F. Post Malolactic Fermentation Completion:
1. Adjust SO2 Levels: You will need to prepare the wine for aging/storage, so a specific amount of SO2 is added to the wine to establish protection to help guard the wine against oxidative browning and potential spoilage organisms. Since the amount of sulfite needed corresponds to the pH of the wine, we recommend taking a pH reading and consulting the chart in Chapter 10.7 of the Guide to Red Winemaking. If you do not have a pH meter or strips, we recommend using 50 ppm of SO2 (1.65 g or ¼ tsp per 5 gallons). Please Note: Young wine consumes SO2 faster than aged wine, as the SO2 interacts with dissolved oxygen and solids that are at their highest concentrations now. We recommend testing/making an addition at the following intervals after MLF: Now, 2 weeks, 6 weeks, 10 weeks, 16 weeks and around every 8 weeks after that. For a complete explanation of SO2 management, we strongly recommend reading Chapter 10.7 of the Guide to Red Winemaking.
2. Adjust the TA and pH: Test the wine’s TA and pH. Ideally, adjust your wine to have a pH in the 3.4–3.65 range with a TA in the 6 g/L to 9 g/L range. Before making a final decision about any additions or adjustments, make sure to test and taste the wine. If changes are desired, we suggest doing a bench trial with a small sample of your wine before adjusting the entire batch. For a more in depth look at pH and TA adjustment, refer to Chapters 8 and 10.2 of the Guide to Red Winemaking.
3. Long-Term Storage Maintenance: During this time of the winemaking process, most winemakers will add oak (unless it was added during MLF) while maintaining a temperature at a constant 55–60°F. Furthermore, they will check the SO2 levels multiple times, and taste the wine every 2–4 months to monitor its evolution. Please note that every time you open your wine you will need to top-up after, to remove any head space. For a more in-depth look at aging/storage, refer to Chapter 8 of the Guide to Red Winemaking.
G. Clarifying & Bottling:
1. Pre-Bottle Preparation: At some point after a year or so, the wine will have rounded and acquired enough oak character to be considered finished. Take a final pH/TA and SO2 reading and taste the wine, and adjust accordingly.

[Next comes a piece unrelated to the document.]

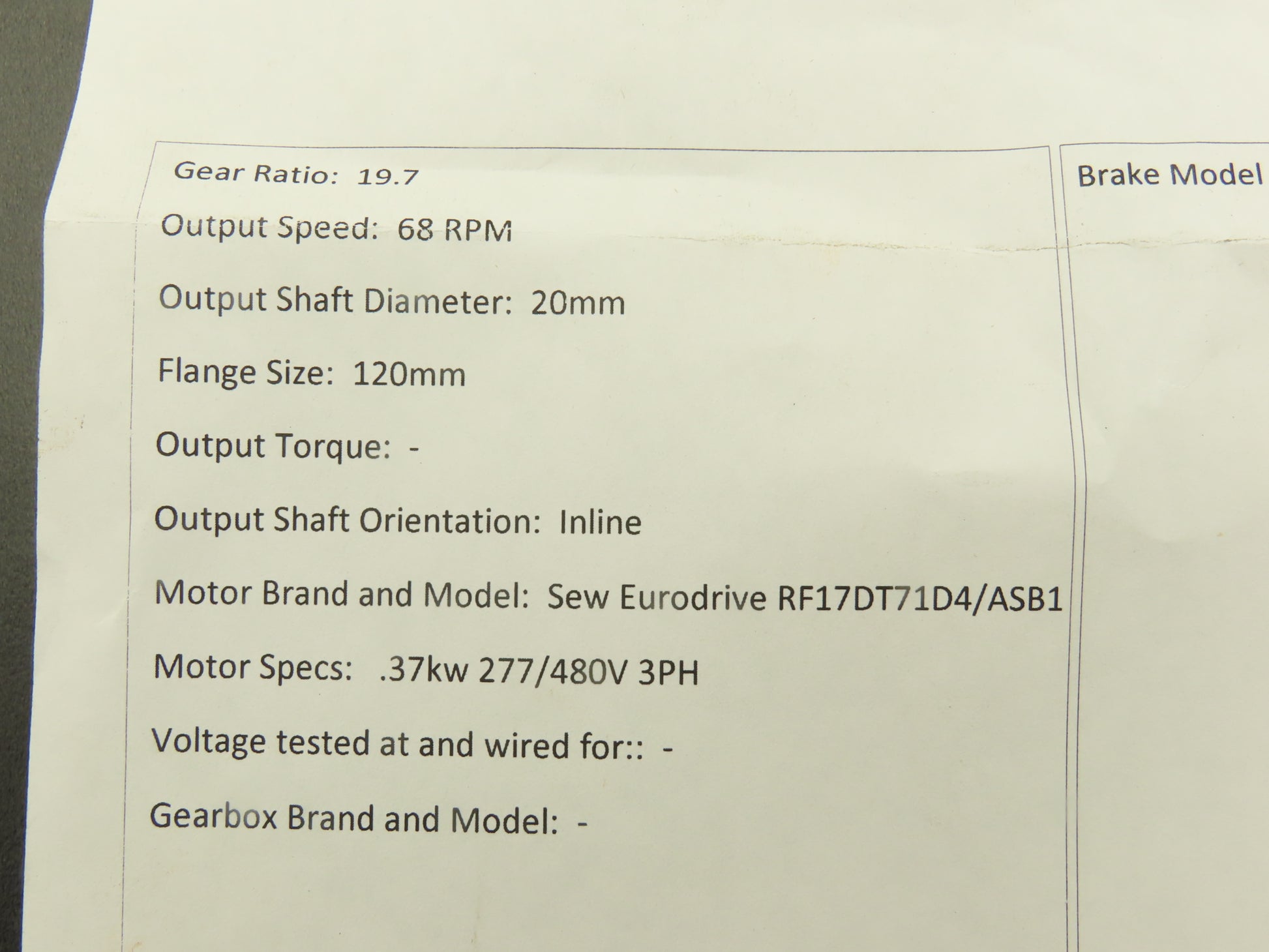 - Motor Brand and Model: Sew Eurodrive RF17DT71D4/ASB1

Furthermore, see if the wine’s clarity is satisfactory; if not, fining agents may be used, but they should be used at the lowest possible dosage needed to achieve the desired effect (we always recommend bench trials before fining the entire volume of wine). Overdosing often creates a loss of mouthfeel, aroma and/or flavor. Alternately, the wine can be filtered. Please note any fining or filtering procedure is a purely cosmetic decision. For a more in depth look at fining agents and filtration, refer to Chapter 9.1 of the Guide to Red Winemaking.

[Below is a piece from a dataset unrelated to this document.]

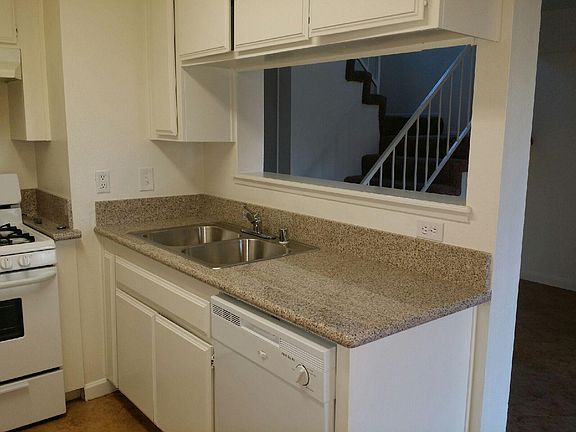 Townhome style 3bdrm 2 bath with 1 car direct garage + 1 assigned parking spot, dishwasher, laundry hookups in garage, and central a/c and heat. Unit has been upgraded with granite countertops in kitchen + bathrooms. New carpet, and wood vinyl flooring. Landlord pays water, sewer, and trash.

2. Bottling the Wine: Bottling can be accomplished using a range of bottle fillers, all dependent on your volume of wine. Small winemakers may use a simple bottling bucket and bottle filler attachment; meanwhile, larger volumes of wine may require a single or multi-spout bottle filler. After bottling is complete, use a hand, floor or automated corker to seal the bottle. Make sure to select an appropriate cork for the amount of time the wine will be aged. For more information about the different methods of bottling, refer to Chapter 9.2 of the Guide to Red Winemaking.

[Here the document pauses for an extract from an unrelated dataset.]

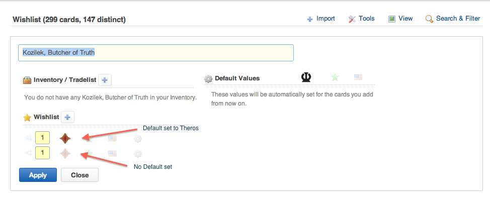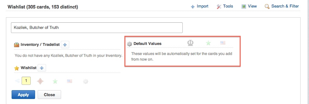 If a card was only printed once, when added to the inventory or wishlist, automatically select its edition.
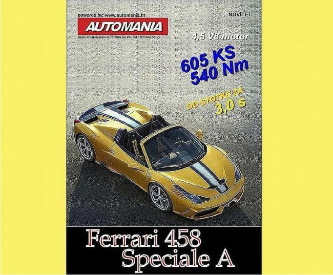 Prilog o Ferrari 458 Speciale A, zadnjem super automobilu iz Maranella s atmosferskim motorom, predstavljamo kao PDF prilog u elektronskom obliku na servisu issuu.com, kao elektronski časopis. I to besplatno, bez zahtjeva za registracijom i bilo kakvim plaćanjem… Slobodan i besplatan je i download za off-line čitanje, a sve to dobijete u najkraćem mogućem…

3. Bottle Shock: After filling and corking your wine bottles, let them stand upright for three days to allow the corks to re-expand and then turn them onto their side. It will take about two months for the wine to get over the shock of the sulfite addition and bottling process, so you really should wait to try it. When you finally do taste the product of your labors, know that it is only going to get better as it ages!